Several legislative proposals currently seek to shift the responsibility of verifying a minor’s age from app creators and content platforms to the manufacturers of hardware devices like smartphones. However, this approach misplaces accountability within the technology stack, targeting the wrong layer of the ecosystem. To understand why this distinction matters, it’s essential to break down the key components of the technology stack:
• Hardware refers to physical devices such as smartphones, laptops, and gaming consoles manufactured by companies such as Apple, Samsung, and Dell.
• Software comprises the programs and operating systems that operate on these devices, such as iOS on an iPhone or Windows on a PC.
• Content providers, such as app developers and media platforms, create and distribute the digital experiences we engage with, such as social media apps, video streaming services, and online games.
The fundamental issue with these legislative proposals is that they conflate device manufacturers—those who build the hardware- with app creators and content providers—who control user interactions, content, and data policies. Holding hardware manufacturers responsible for app-based data management misaligns regulation with technological reality, potentially leading to ineffective and impractical solutions.
The key difference is who controls what. Hardware companies (like Apple, Samsung, and Sony) build the devices and the essential operating system software. They provide the tool but not the specific content you see on it. Content providers (like YouTube, TikTok, Instagram, or news websites) control the information flow of what appears on the screen. The smartphone’s manufacturer builds the device, but the apps consumers choose (YouTube, games, etc.) provide the content you see on it.
Creating regulations that require hardware companies to manage age restrictions (age gating) on content places responsibility at the wrong layer of the technology stack. The hardware serves as a delivery mechanism that displays the content sent by an app or website the consumer chooses to engage with. A phone or console cannot distinguish whether a video or website is “for adults” or “for kids” without guidance from the content source. Attempts to enforce filtering at the device level encounter serious practical problems because the device isn’t aware of the context of every piece of content – that knowledge resides with the content provider.
Hardware companies also lack a reliable method for determining a user’s age or identity. Your device doesn’t automatically know if you are 12, 18, or 40. At best, when initially purchased, it might contain a user profile with a birth date (which a child could easily misrepresent) or rely on guesswork like “facial recognition”— but that raises privacy concerns. Accurate age verification typically requires checking official IDs or similar sensitive information, which a phone or laptop cannot do on its own. Conducting age checks at the device or operating system level could also invade user privacy and would likely fail if a device is shared among multiple users, for instance, a family iPad. A device cannot easily identify who is holding it at any given moment.
Legislation like Utah’s App Store Accountability Act raises serious concerns about privacy and data security.
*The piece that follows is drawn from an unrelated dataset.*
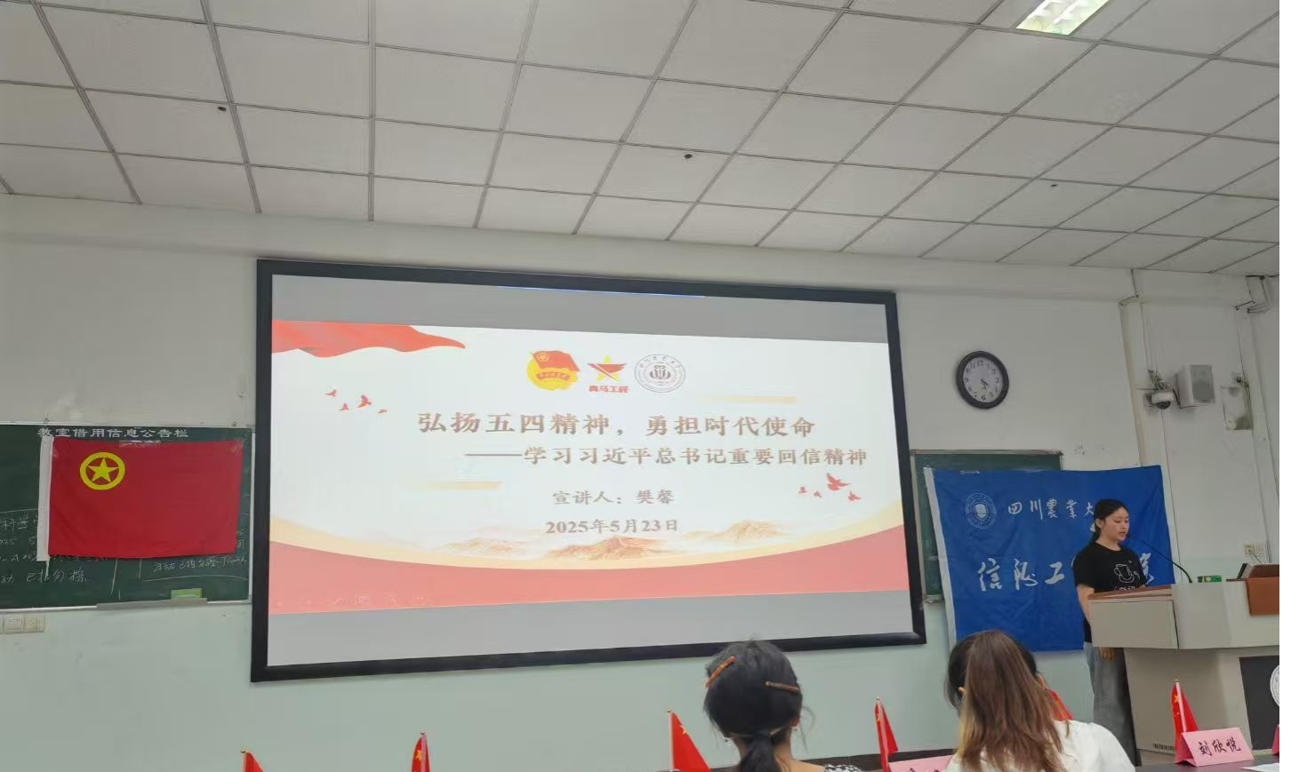 活动以“承五四薪火,悟回信精神”开篇,由青马班成员樊馨带领学习“回信精神”专题宣讲。她结合科技兴农案例,深入解读总书记对青年“在奋斗中绽放青春光彩”的殷切嘱托,强调青年成长应与国家发展同频共振。此次宣讲弘扬了西部计划精神,引导广大团员“到祖国最需要的地方去”。

It requires app stores to share users’ age information with every developer without parental consent or clear guidelines on how this sensitive data can be used or who collects it. This approach compromises user privacy and introduces significant risks, including the potential for malicious actors to exploit or sell children’s personal information.
A key issue with this model is that age-gating should be the responsibility of individual apps, not device manufacturers or app stores. Many apps do not require age verification because they are not designed for specific age groups, meaning they should not be compelled to collect unnecessary personal data.
As we develop frameworks for online child safety, solutions must genuinely protect children without introducing new privacy risks. Effective safeguards require age-gating at the content level, where apps and platforms determine appropriate access based on the content itself rather than at the device level, where broad data sharing can create new vulnerabilities. In conjunction with content-based age verification, parental controls provide a more secure and responsible approach—empowering families while ensuring that children’s personal data remains protected.